§ What the task asks: What are the lines, word for word, from the line with "速度快但耗费空间,假定活动区" up to and including the line with "Nike Men's Cleveland" in the records below? Omit the pictures.

§ Data for analysis:
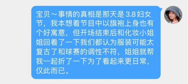 她表示很感谢大家的关心,但事情的真相并不是网上说的那样。事实上,事发当天是三八妇女节,她想有个好的寓意,所以穿着旗袍主持节目。
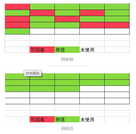 速度快但耗费空间,假定活动区域全部是活动对象,这个时候进行交换的时候就相当于多占用了一倍空间,但是没啥用。
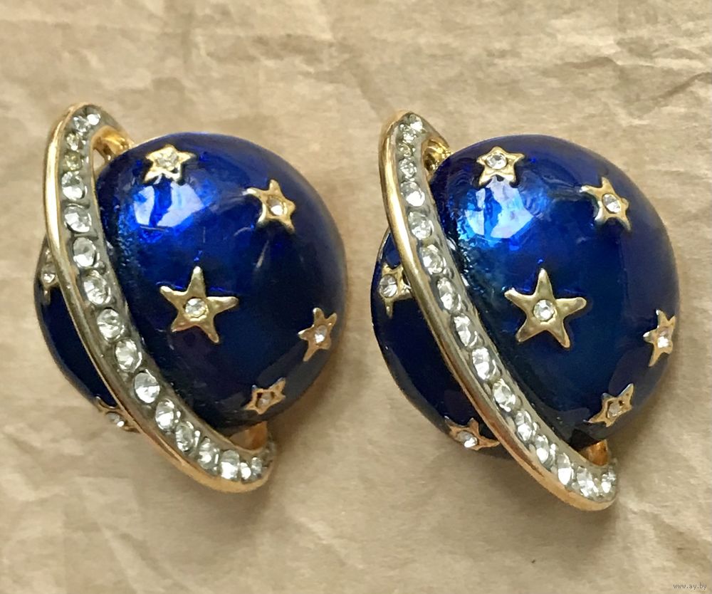 Крупные винтажные клипсы из металла золотого тона. Лицевая сторона украшена эмалью и кристаллами. Размер клипсы 2,4х3,4см. На одной клипсе стоит маркировка Royal Bijou. Тяжёленькие. Состояние хорошее.
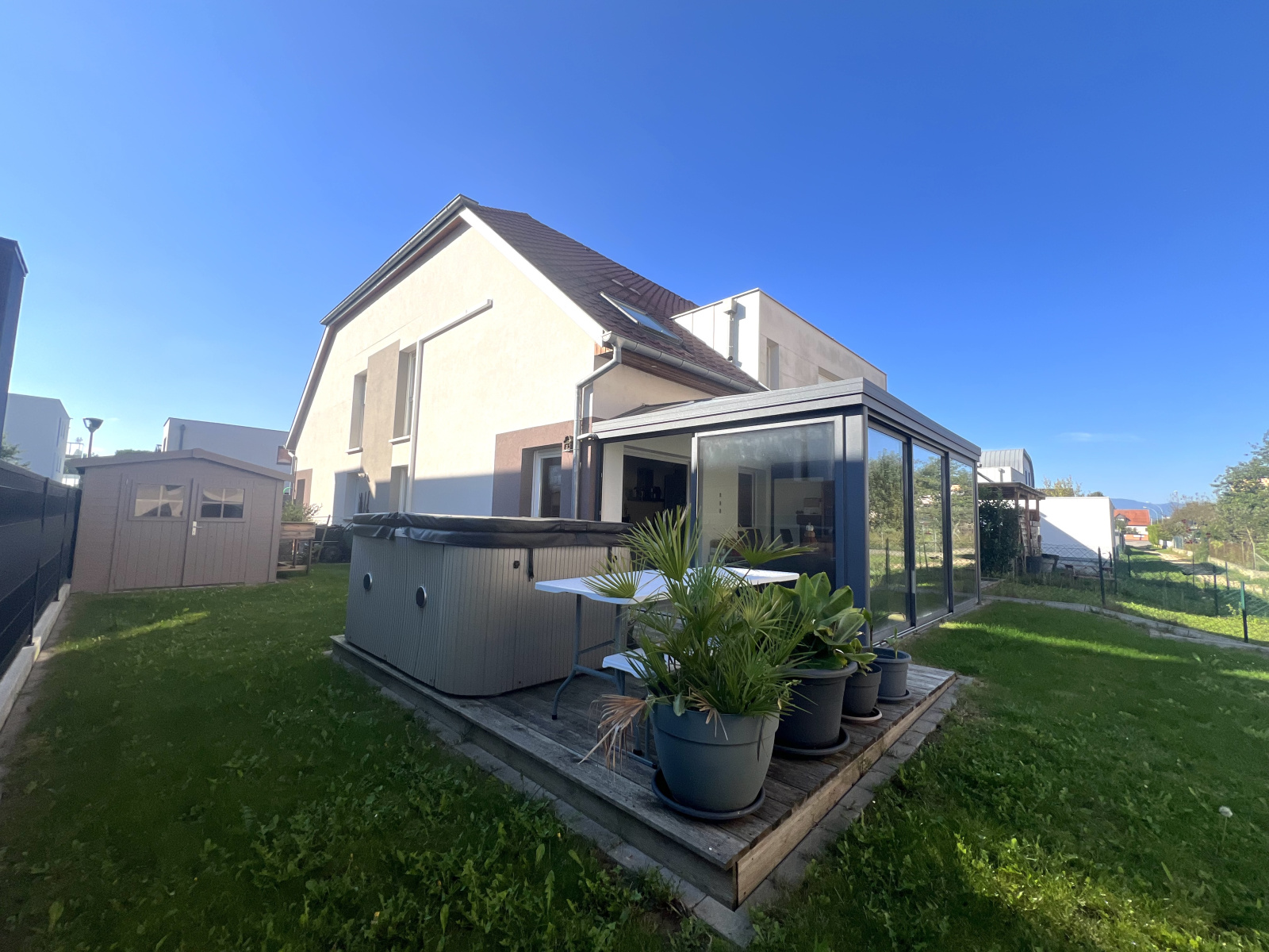 À l’extérieur : beau jardin avec terrasse agrémenté d’un jacuzzi et d’un abri de jardin.
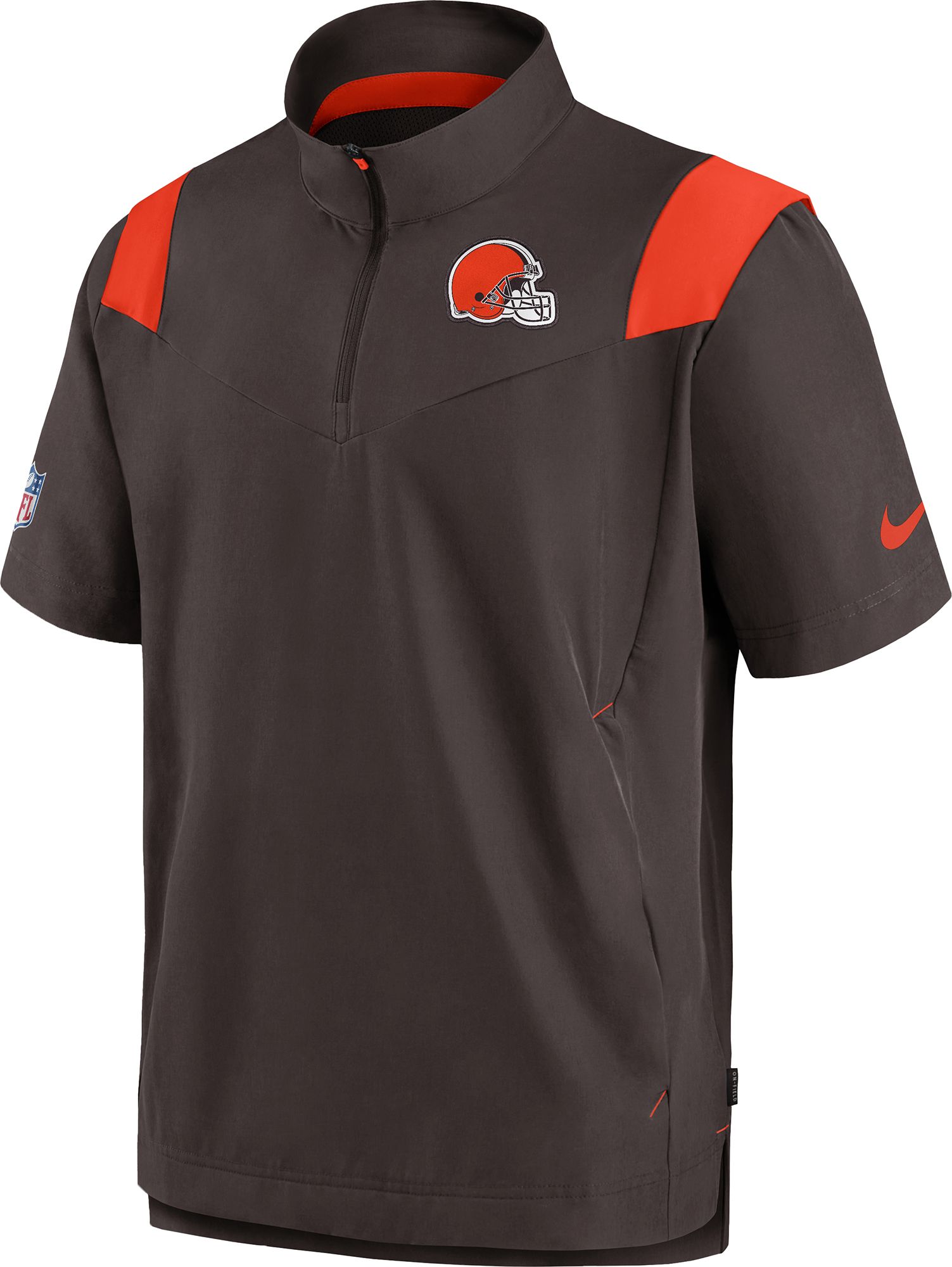 Nike Men's Cleveland Browns Sideline Coaches Short Sleeve Brown Jacket
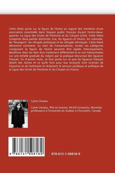 Cette thèse porte sur la figure de l'Autre au regard des membres d'une association essentielle dans l'espace public français durant l'entre-deux-guerres: La Ligue des Droits de l'Homme et du Citoyen (LDH). Cette thèse comporte deux parties distinctes: Eux, les ligueurs et l'Autre, les colonisés, les "étrangers", les réfugiés politiques et les réfugiés ethniques. Cette thèse démontre comment, au nom de l'universalisme, toutes ces catégories composant la figure de l'Autre peuvent être égales théoriquement, bénéficier dans les faits d'un traitement différentiel et se voir hiérarchisées sur une échelle graduée du mépris par la pratique discursive des ligueurs français. En d autres mots, ce livre porte sur ce que les ligueurs français disent des Autres et ce qu'ils font pour eux lorsqu'ils sont victimes de l'injustice et de l'arbitraire et réclament le secours juridique et politique de la Ligue des Droits de l'Homme et du Citoyen en France.
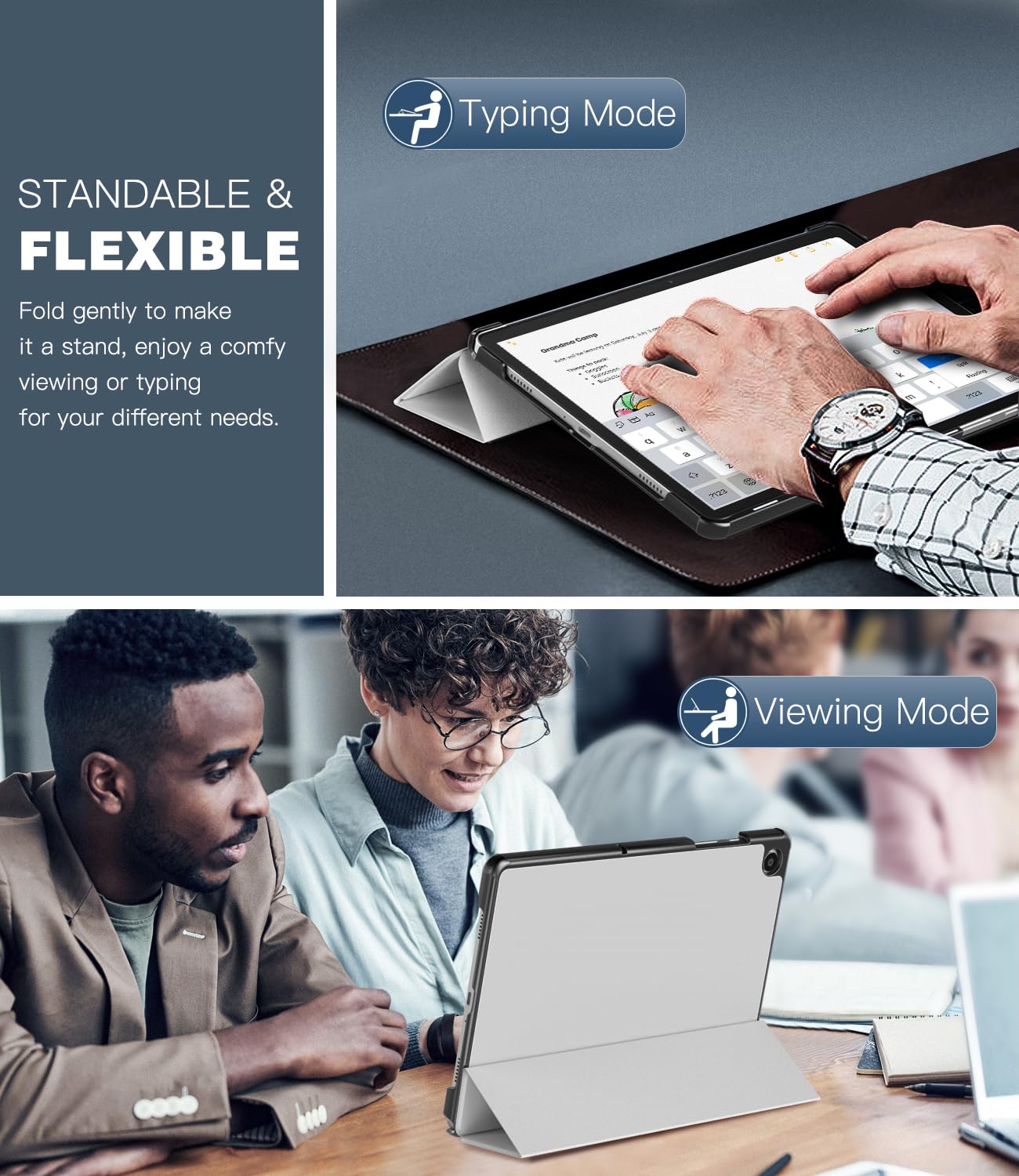 Adjustable Stand Angles: The top of this Galaxy Tab A9 Plus Case folds back to make a stand, which provides a sturdy stand position for both viewing and typing. Free your hands when watching, reading, or writing, a good way to alleviate neck strain

§ Output below:
 速度快但耗费空间,假定活动区域全部是活动对象,这个时候进行交换的时候就相当于多占用了一倍空间,但是没啥用。
 Крупные винтажные клипсы из металла золотого тона. Лицевая сторона украшена эмалью и кристаллами. Размер клипсы 2,4х3,4см. На одной клипсе стоит маркировка Royal Bijou. Тяжёленькие. Состояние хорошее.
 À l’extérieur : beau jardin avec terrasse agrémenté d’un jacuzzi et d’un abri de jardin.
 Nike Men's Cleveland Browns Sideline Coaches Short Sleeve Brown Jacket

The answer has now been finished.